*ABOUT THIS EXERCISE*: Print the records below exactly, starting at the first line and stopping after the line that contains "亀戸ふれあいセンターの来館の". Leave out any pictures.

*DATA FOR THE TASK*:
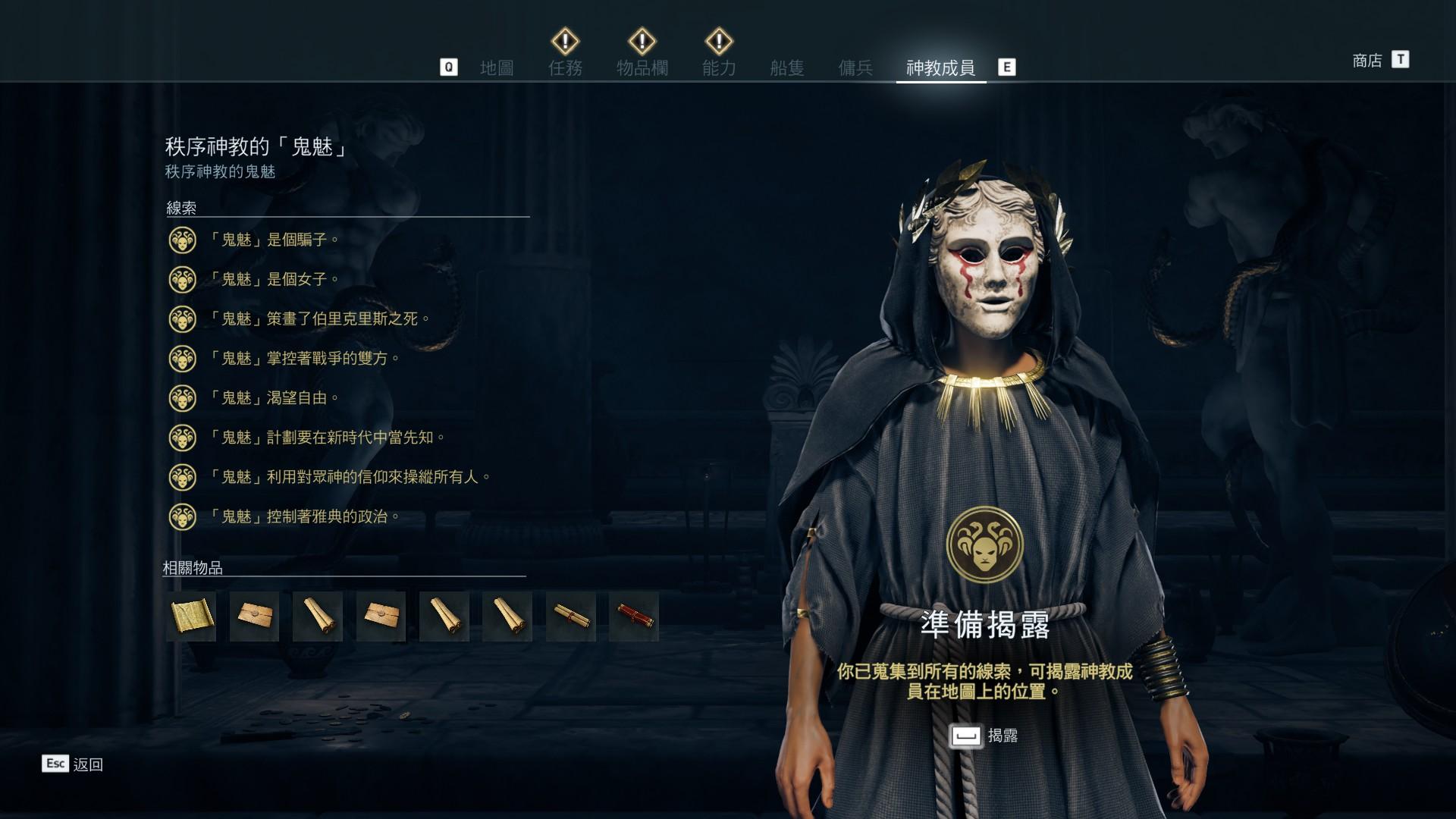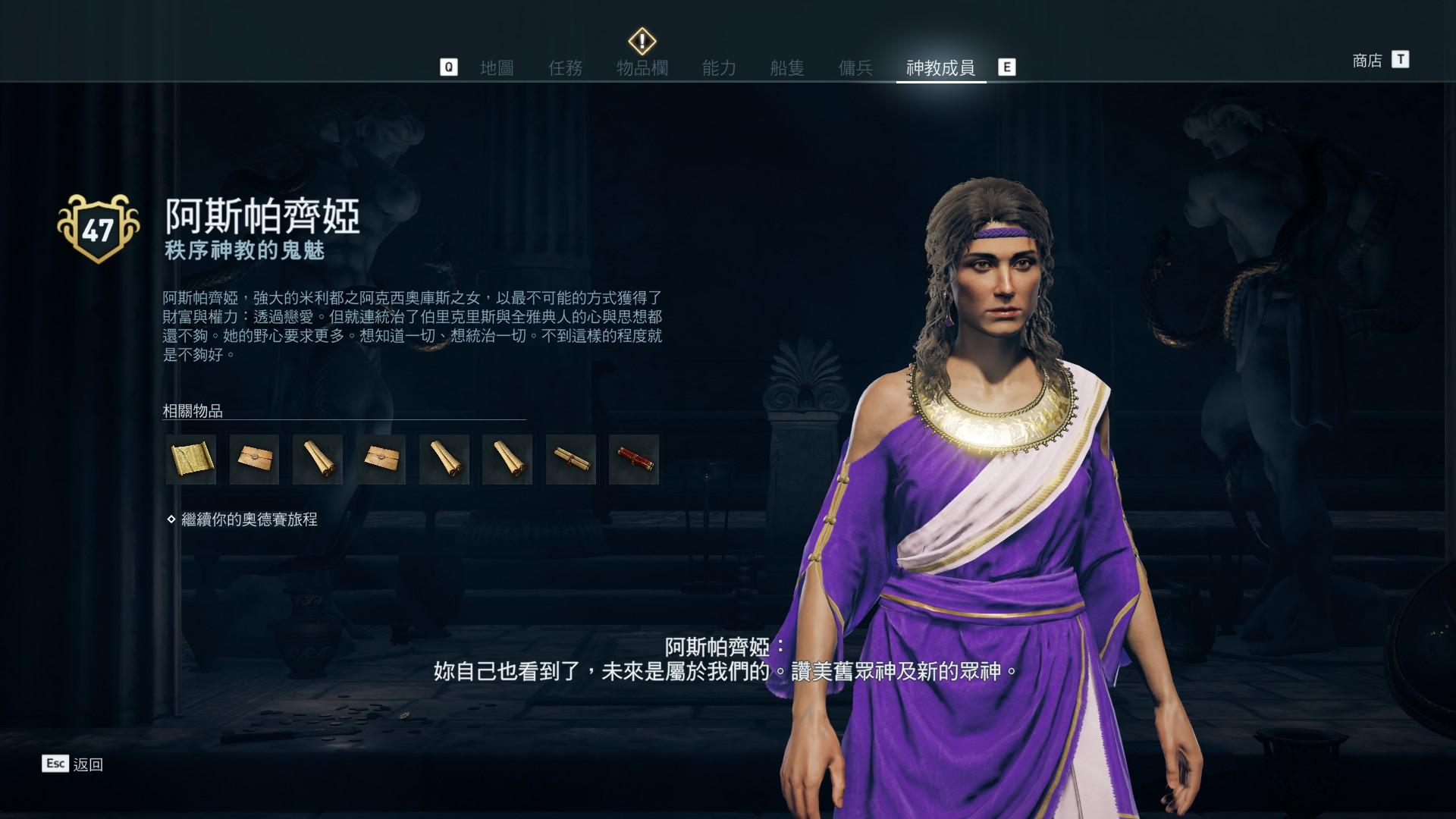 直接暴雷啦!總之秩序神教的最大Boss就是雅典的前任國王的老婆,她想要控制整個希臘之類的理由,主線她確實有幫助過主角,但其實她的野心真的也沒有描繪得很明確,我也是刷完主線才有空一個一個神教人員慢慢打,最後看到是她想說:「欸妳還活著喔?」
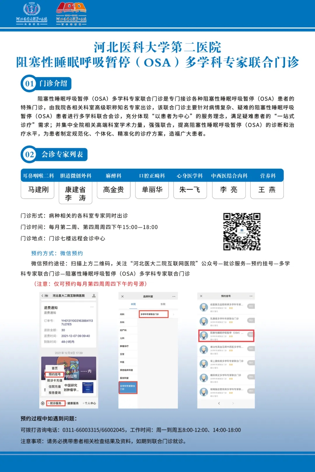 耳鼻喉二科马建刚教授介绍,我院阻塞性睡眠呼吸暂停(OSA)多学科专家联合门诊,由我院各相关科室高级职称知名专家出诊,该联合门诊主要针对病情复杂、疑难的OSA患者进行多学科联合会诊,充分体现“以患者为中心”的服务理念,满足疑难患者的“一站式诊疗”需求;并集中全院相关高端科室学术力量,强强联合,努力提高OSA的诊断和治疗水平。
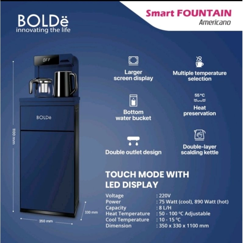 [Star] Dispenser Panas dinging BOLDE Hot & Cool Dispenser Galon Bawah Led Gratis Panci pemanas otomatis DIspenser Remot
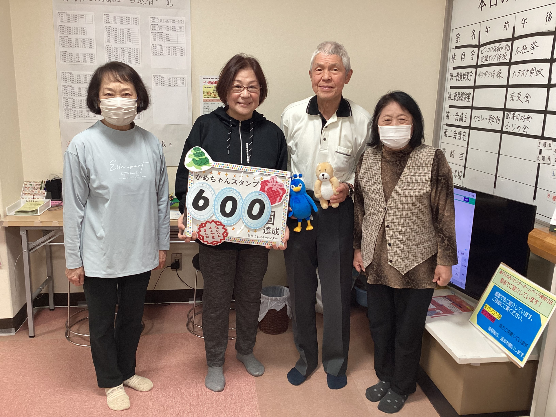 亀戸ふれあいセンターの来館のお楽しみ ドリかめスタンプ600個達成者のご紹介です。
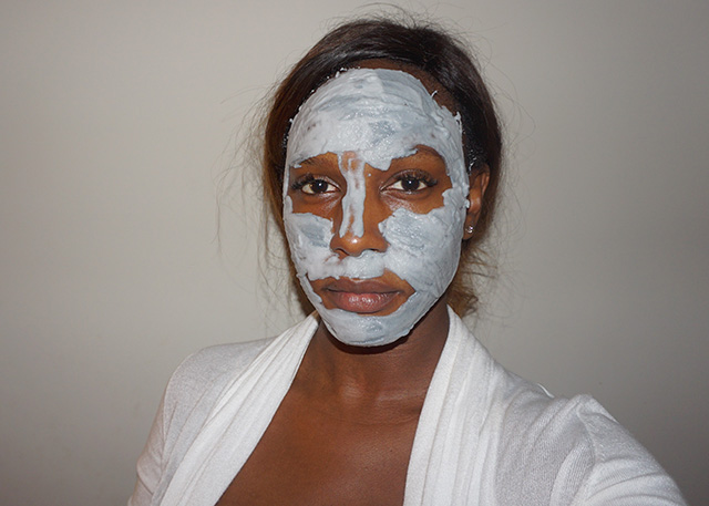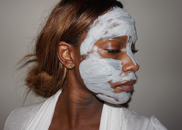 After exposing the mask to air, you can hear the faint sounds of carbonation. That lit a fire under my bum to get this thing spread on my face. The mask spreads very evenly over the face with the spatula, and applying it is my favorite part of the entire process.

*SOLVED EXERCISE*:
 直接暴雷啦!總之秩序神教的最大Boss就是雅典的前任國王的老婆,她想要控制整個希臘之類的理由,主線她確實有幫助過主角,但其實她的野心真的也沒有描繪得很明確,我也是刷完主線才有空一個一個神教人員慢慢打,最後看到是她想說:「欸妳還活著喔?」
 耳鼻喉二科马建刚教授介绍,我院阻塞性睡眠呼吸暂停(OSA)多学科专家联合门诊,由我院各相关科室高级职称知名专家出诊,该联合门诊主要针对病情复杂、疑难的OSA患者进行多学科联合会诊,充分体现“以患者为中心”的服务理念,满足疑难患者的“一站式诊疗”需求;并集中全院相关高端科室学术力量,强强联合,努力提高OSA的诊断和治疗水平。
 [Star] Dispenser Panas dinging BOLDE Hot & Cool Dispenser Galon Bawah Led Gratis Panci pemanas otomatis DIspenser Remot
 亀戸ふれあいセンターの来館のお楽しみ ドリかめスタンプ600個達成者のご紹介です。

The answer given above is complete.